Dissertation Diary #7: Qualitative Sampling
A how-to guide for selecting cases, with a *sample* (pun intended) of my dissertation
One of the first steps of any research study design is thinking through sampling. Not that kind of sampling (unfortunately), but the pool of cases from which you will extract data and make conclusions about the phenomenon of interest you’re studying.
Quantitative studies (typically) aim to have a statistically representative sample of some larger population; this goal requires a large amount data, ideally randomly selected from the population of interest.
Qualitative studies, on the other hand, depend on purposeful sampling1, which has the goal of selecting cases rich with information pertaining to the research interests of the study. The goal here is not empirical generalizability, but rather conceptual generalizability2 — that the patterns and conceptual framework uncovered through the in-depth investigation of the selected cases can be useful for understanding the phenomenon of interest in other contexts.
There is a wide variety of strategies for purposeful sampling — which one is best depends on your research questions.

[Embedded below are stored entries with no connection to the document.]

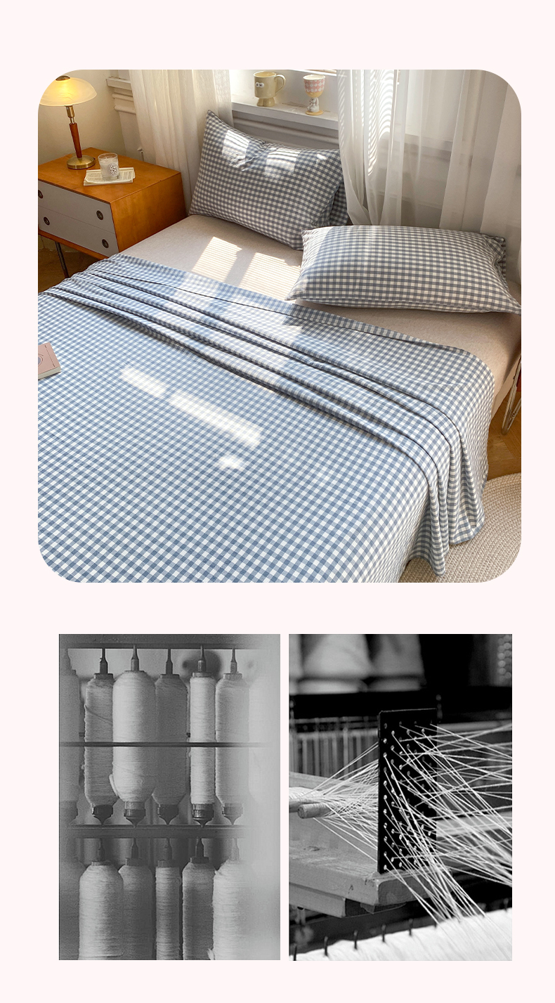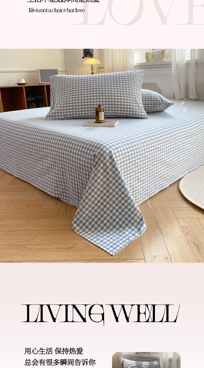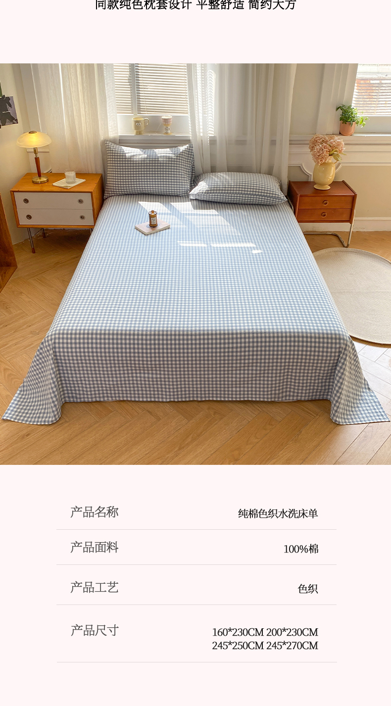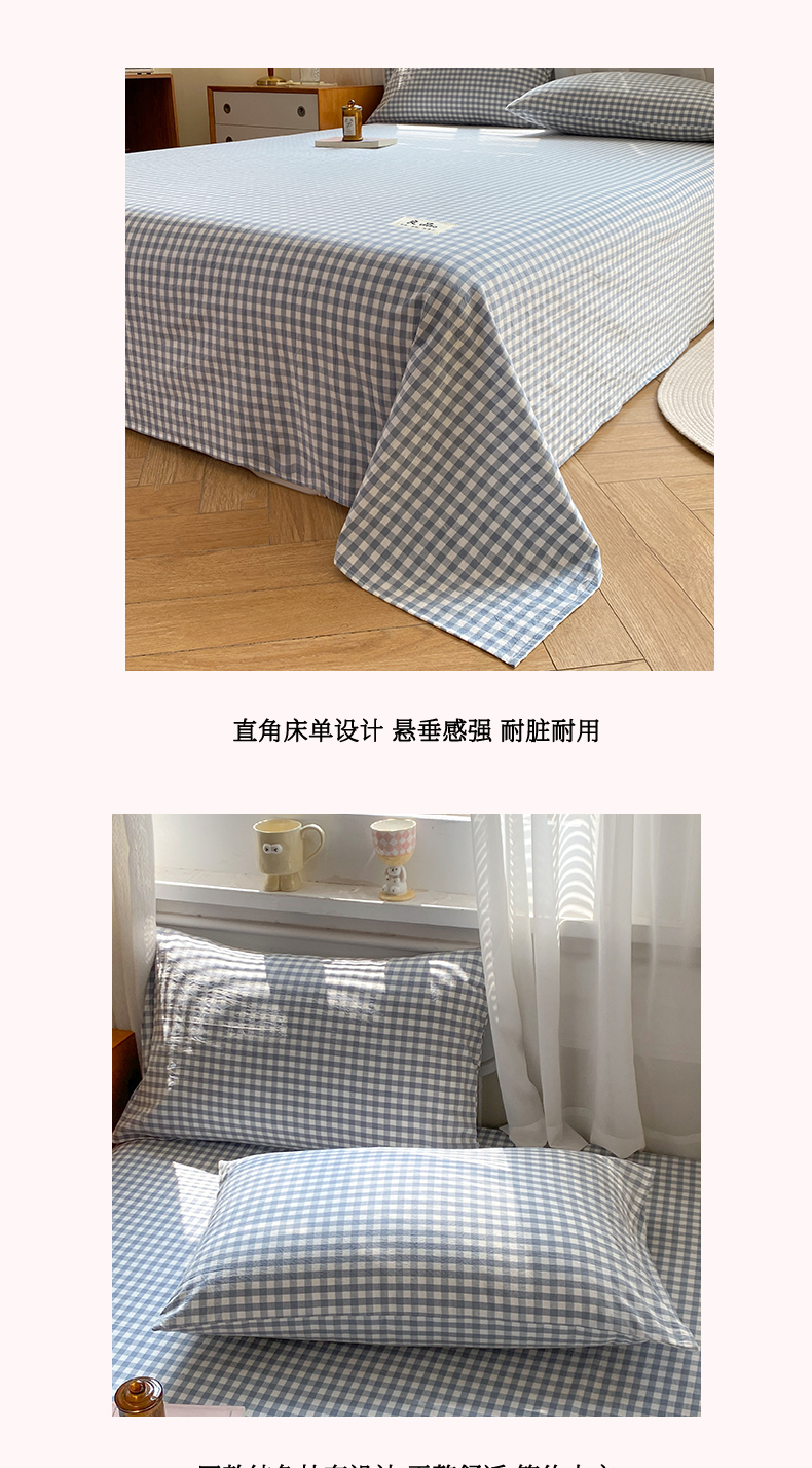 • 91家纺网 家纺一手货源 找家纺 恋人优选 2026新款全棉纯棉色织床单单床单床单单件 浅蓝小格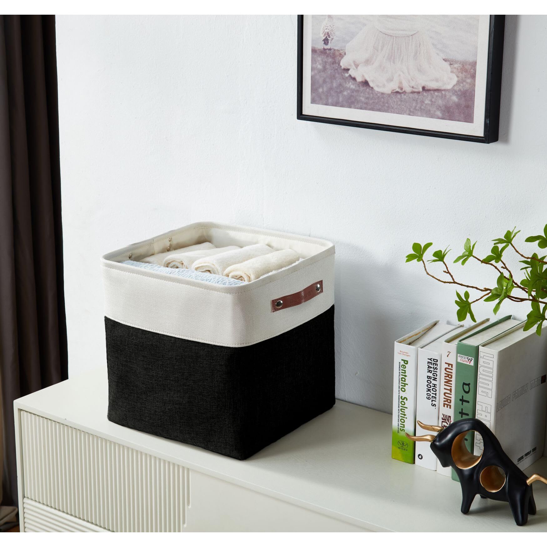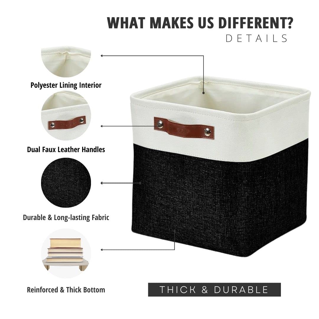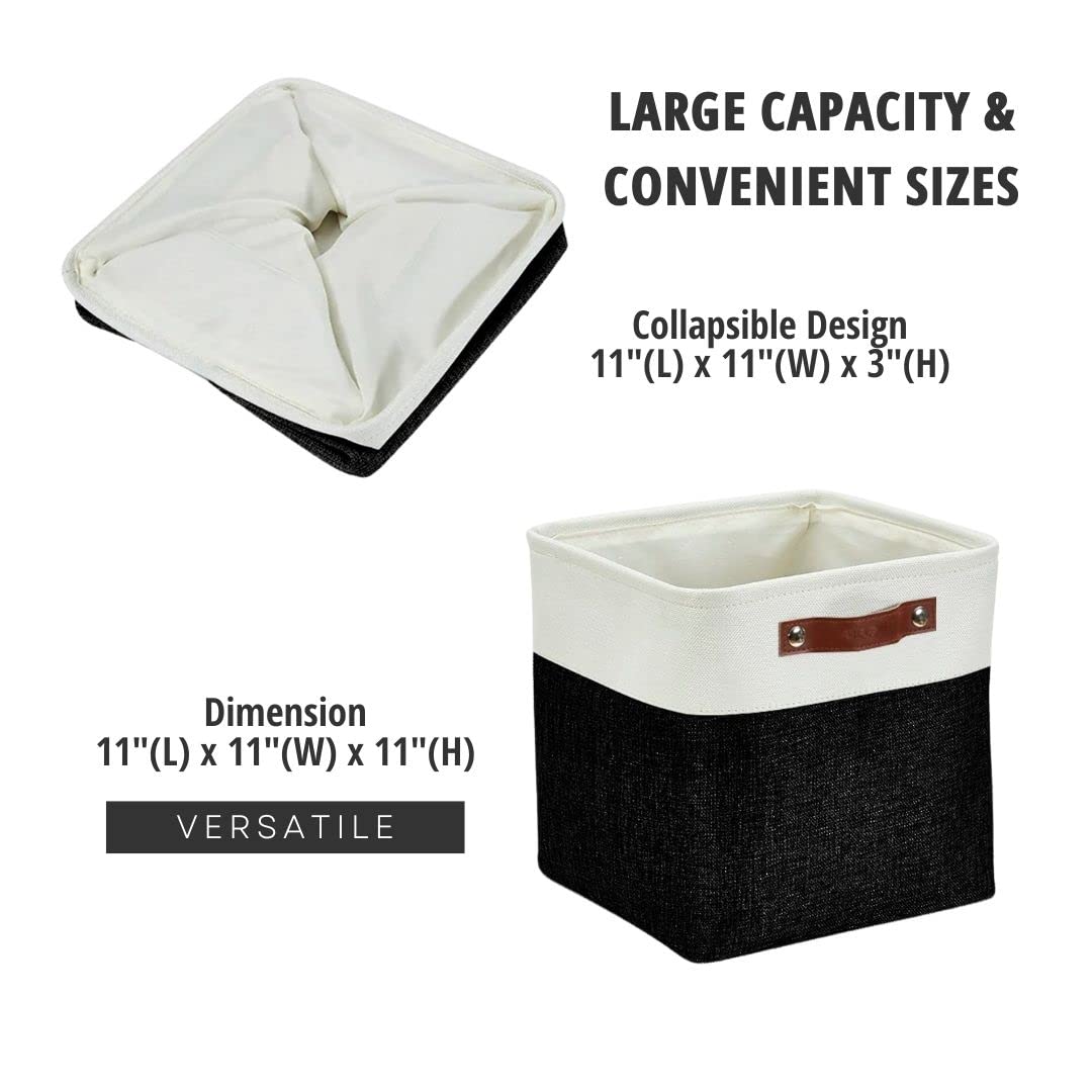 DECOMOMO Faltbarer Aufbewahrungskorb | stabiler kationischer Stoff-Aufbewahrungskorb mit Griffen für die Organisation von Regal, Kinderzimmer, Zuhause, Schrank (schwarz und weiss, Würfel – 11 x 11–4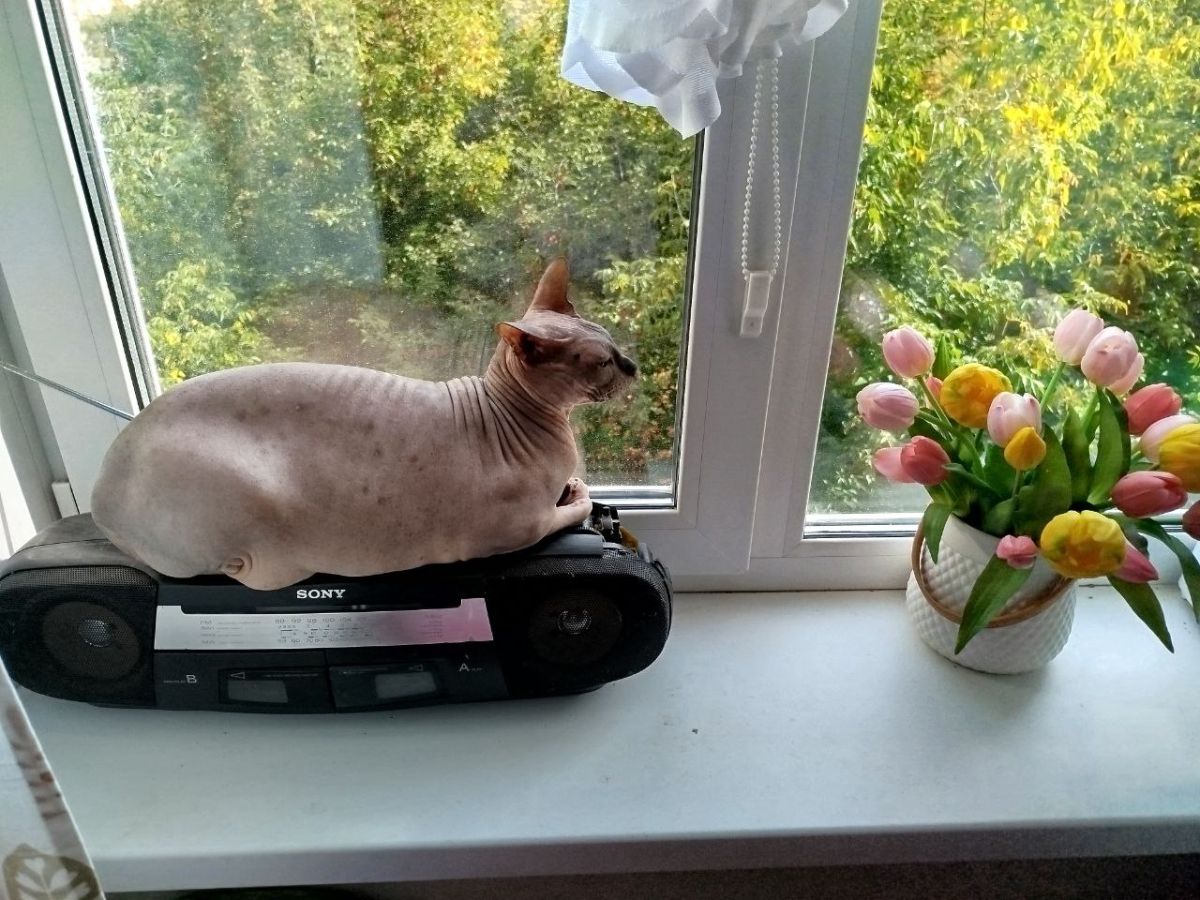 - Немецкий шпиц Аччи и донской сфинкс Боня играют друг с другом, а Боня ещё и музыку слушает.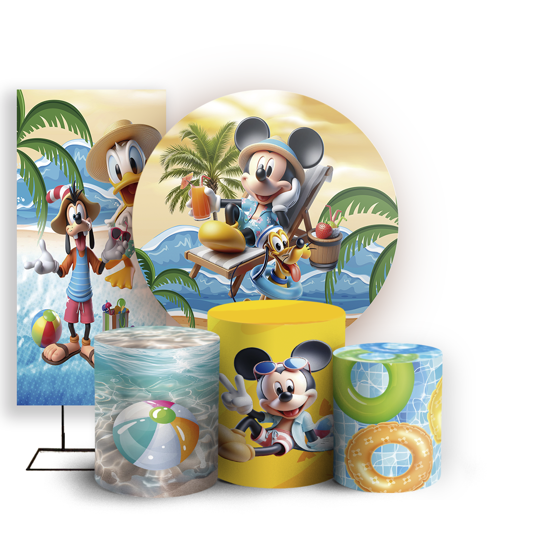 KIT Redondo Trio e Faixa - Mickey Pool Party - Sublimado 3D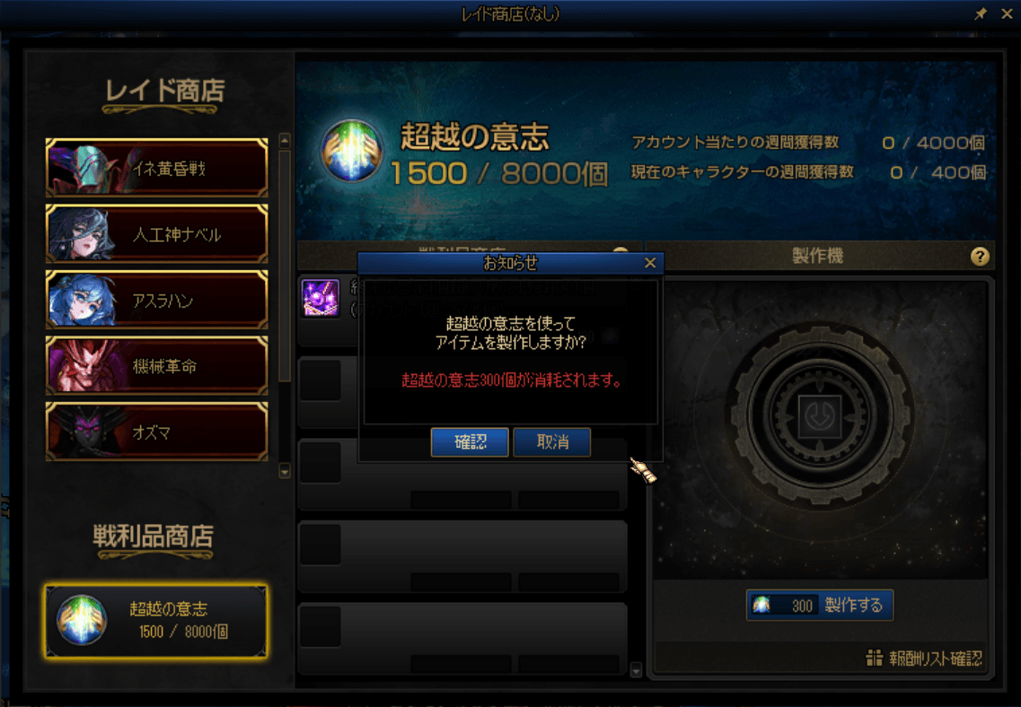 ・「製作する」は週に最大5回まで可能で、製作を行うたびに次の製作に必要な超越の意志の数が増加します。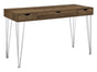 Perfect for a modern farmhouse home office or library comes this classy, yet rustic writing desk. Designed with a neutral rustic brown oak finish throughout the tabletop, this writing desk blends well into many decor styles and color palettes. Its rectangular tabletop shape rests elegantly on chic thin metal legs that lend a retro-inspired flair and an open and airy look. This writing desk also offers plenty of hidden storage space with one long center drawer and two side drawers, each with cutout handles that give a flush, clean look. Each three-pronged steel leg offers a glam touch with a shining electroplated chrome finish.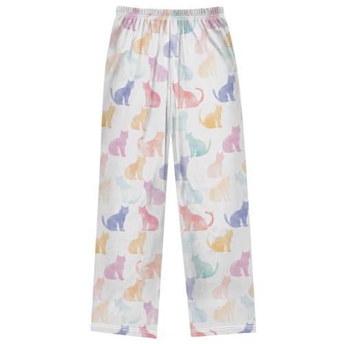 Boy's Pants Pastel Watercolor Cat Jogger Pants Elastic Waist Long Bottoms Trousers with Pockets 6-14 Years 6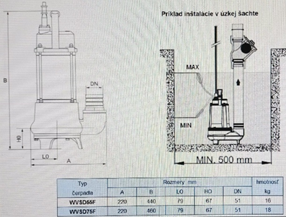 Čerpadlá ponorné kalové Kalové čerpadlo SHIMGE WVSD 75F, 250l/min., 0,75kW, 6-8m výtlak Cena nájmu: 15,00€ s DPH/deň

Generally, though, you’ll need to decide whether you want to learn from typical or atypical cases. Typical cases, or observations that match the normative, ordinary experiences of a population of interest, present an ideal context for evaluating prior conceptual findings. Atypical cases, on the other hand, investigate little-known contexts, which offers the opportunity for scholars to problematize existing systems of categorization, illuminate relationships that are ordinarily unseen in most settings, and highlight outliers that reveal a valuable phenomenon or perspective. Once you decide on typical vs atypical cases, the next key step is to strategically structure in variation — as Collins and colleagues write, “A central tenet in the scholarly enterprise is that generating explanations requires variation” (2024:31). Within your case set, how can you ensure there are meaningful differences that can support your conceptual uncoverings?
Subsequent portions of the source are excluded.